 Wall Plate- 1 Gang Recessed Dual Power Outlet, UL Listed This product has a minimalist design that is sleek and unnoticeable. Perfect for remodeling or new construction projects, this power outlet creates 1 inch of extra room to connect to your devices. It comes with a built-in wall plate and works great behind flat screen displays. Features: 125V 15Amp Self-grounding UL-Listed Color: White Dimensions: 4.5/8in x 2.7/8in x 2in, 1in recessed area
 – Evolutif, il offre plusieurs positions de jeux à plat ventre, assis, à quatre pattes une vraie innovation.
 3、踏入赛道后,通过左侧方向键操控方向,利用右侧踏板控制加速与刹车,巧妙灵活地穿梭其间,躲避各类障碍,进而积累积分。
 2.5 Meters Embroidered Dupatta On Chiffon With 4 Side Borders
◇ ◇ ◇ ◇
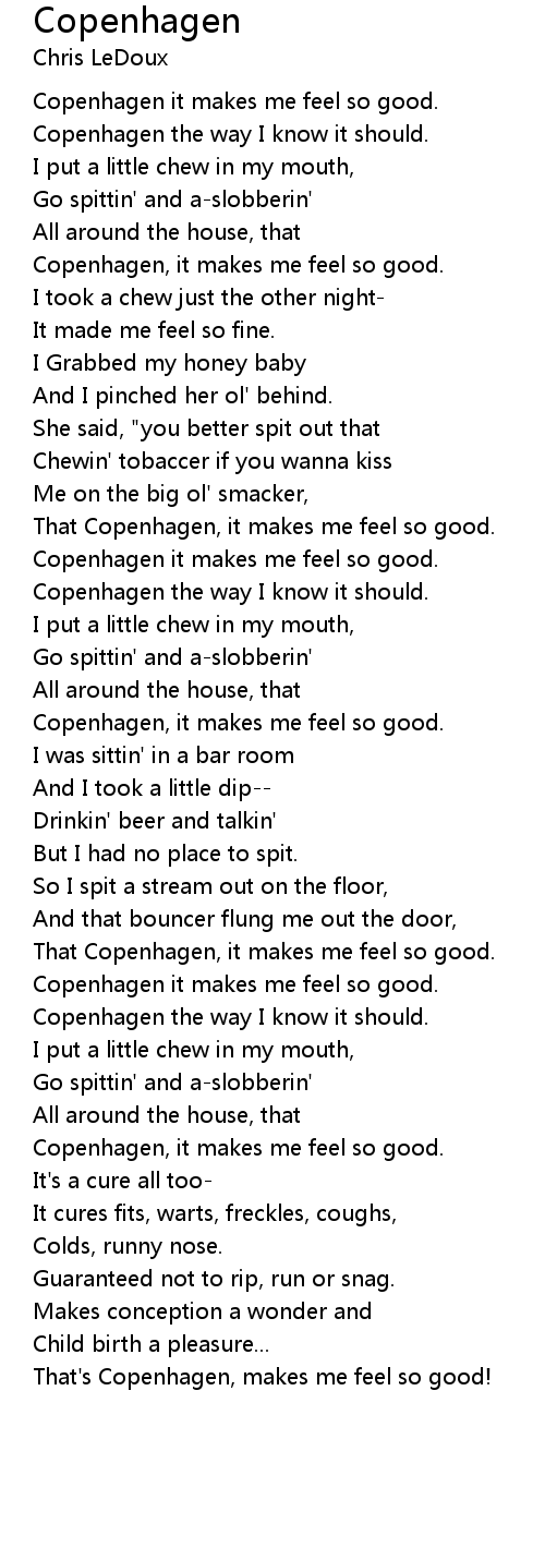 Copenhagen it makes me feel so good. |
◇ ◇ ◇ ◇
* _Task to carry out_: The lines above, starting at the one with "Wall Plate- 1" and ending at the one with "2.5 Meters Embroidered", are the only ones to return, exactly as written.

* _Result_:
 Wall Plate- 1 Gang Recessed Dual Power Outlet, UL Listed This product has a minimalist design that is sleek and unnoticeable. Perfect for remodeling or new construction projects, this power outlet creates 1 inch of extra room to connect to your devices. It comes with a built-in wall plate and works great behind flat screen displays. Features: 125V 15Amp Self-grounding UL-Listed Color: White Dimensions: 4.5/8in x 2.7/8in x 2in, 1in recessed area
 – Evolutif, il offre plusieurs positions de jeux à plat ventre, assis, à quatre pattes une vraie innovation.
 3、踏入赛道后,通过左侧方向键操控方向,利用右侧踏板控制加速与刹车,巧妙灵活地穿梭其间,躲避各类障碍,进而积累积分。
 2.5 Meters Embroidered Dupatta On Chiffon With 4 Side Borders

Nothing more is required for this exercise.